(Dataset records)

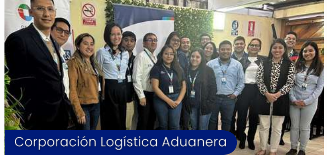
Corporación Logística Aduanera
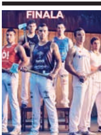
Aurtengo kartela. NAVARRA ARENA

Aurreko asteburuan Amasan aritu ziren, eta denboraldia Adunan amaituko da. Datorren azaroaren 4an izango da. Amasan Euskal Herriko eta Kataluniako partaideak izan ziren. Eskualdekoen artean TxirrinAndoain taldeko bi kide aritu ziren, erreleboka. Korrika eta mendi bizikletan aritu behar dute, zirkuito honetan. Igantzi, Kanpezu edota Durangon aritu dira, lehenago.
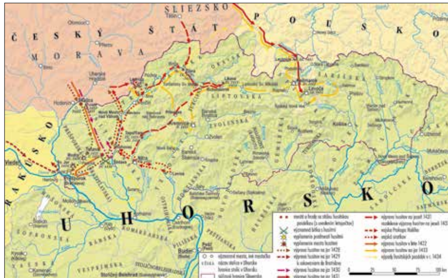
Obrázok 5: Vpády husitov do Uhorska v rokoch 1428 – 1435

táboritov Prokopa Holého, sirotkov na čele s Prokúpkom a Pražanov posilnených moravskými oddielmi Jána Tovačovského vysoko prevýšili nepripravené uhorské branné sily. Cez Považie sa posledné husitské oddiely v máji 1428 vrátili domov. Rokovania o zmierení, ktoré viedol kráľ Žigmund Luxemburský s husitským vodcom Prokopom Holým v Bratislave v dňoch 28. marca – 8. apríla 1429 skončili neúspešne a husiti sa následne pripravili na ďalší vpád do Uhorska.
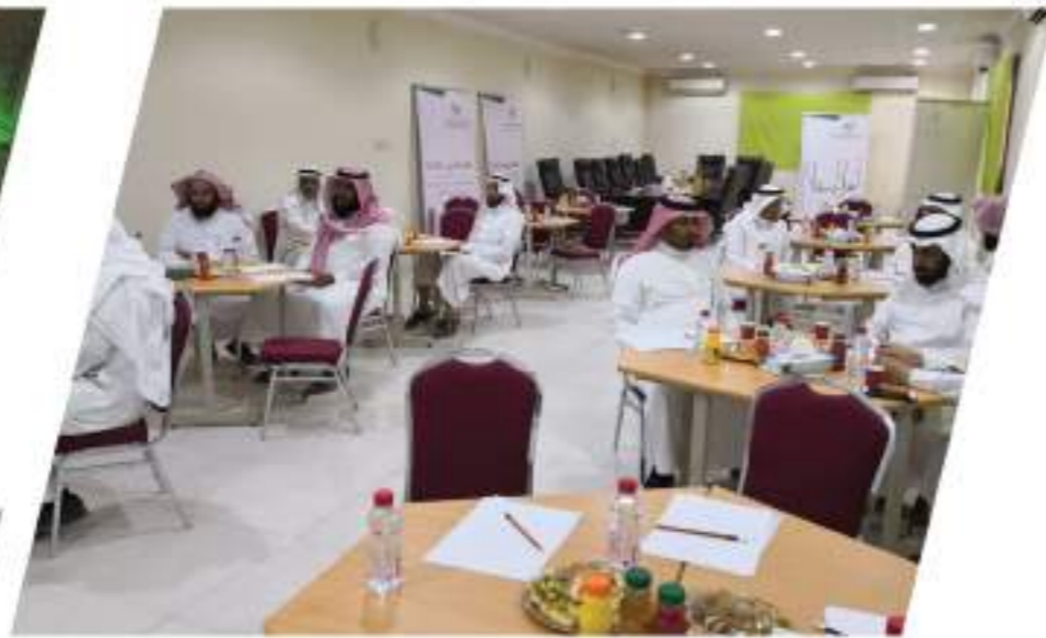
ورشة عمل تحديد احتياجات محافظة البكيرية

--

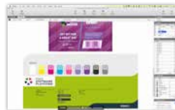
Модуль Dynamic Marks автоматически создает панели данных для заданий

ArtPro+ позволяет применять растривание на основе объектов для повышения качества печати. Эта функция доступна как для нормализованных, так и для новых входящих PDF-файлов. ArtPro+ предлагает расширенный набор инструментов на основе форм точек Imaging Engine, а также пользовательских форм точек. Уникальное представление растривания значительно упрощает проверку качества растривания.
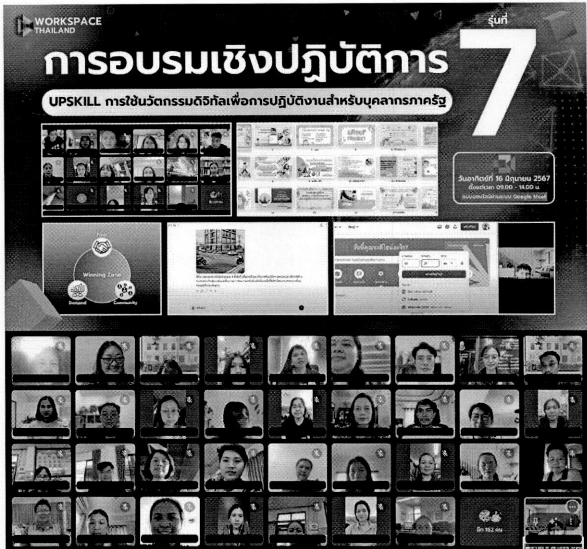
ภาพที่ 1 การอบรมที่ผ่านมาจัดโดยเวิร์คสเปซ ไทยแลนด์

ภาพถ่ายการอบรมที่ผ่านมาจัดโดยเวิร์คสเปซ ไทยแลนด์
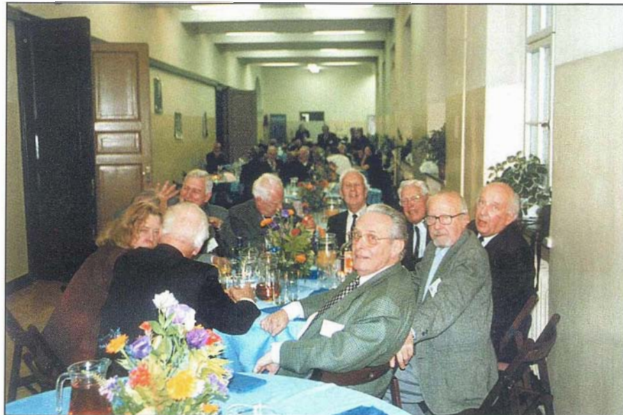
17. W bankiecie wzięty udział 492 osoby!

==

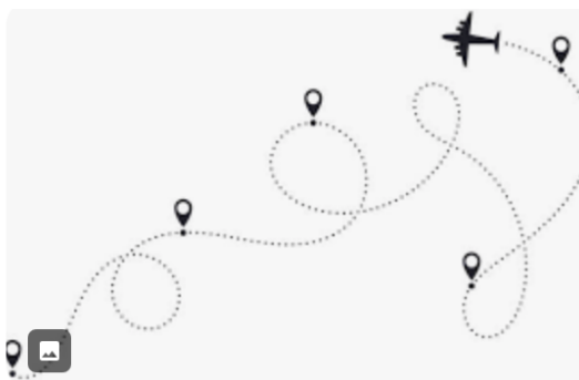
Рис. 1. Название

(Prompt)
Within these entries, output exactly the lines starting at the one with "táboritov Prokopa Holého, sirotkov" and finishing at the one with "ورشة عمل تحديد احتياجات محافظة البكيرية". Leave pictures out of the output.

(Result below)
táboritov Prokopa Holého, sirotkov na čele s Prokúpkom a Pražanov posilnených moravskými oddielmi Jána Tovačovského vysoko prevýšili nepripravené uhorské branné sily. Cez Považie sa posledné husitské oddiely v máji 1428 vrátili domov. Rokovania o zmierení, ktoré viedol kráľ Žigmund Luxemburský s husitským vodcom Prokopom Holým v Bratislave v dňoch 28. marca – 8. apríla 1429 skončili neúspešne a husiti sa následne pripravili na ďalší vpád do Uhorska.
ورشة عمل تحديد احتياجات محافظة البكيرية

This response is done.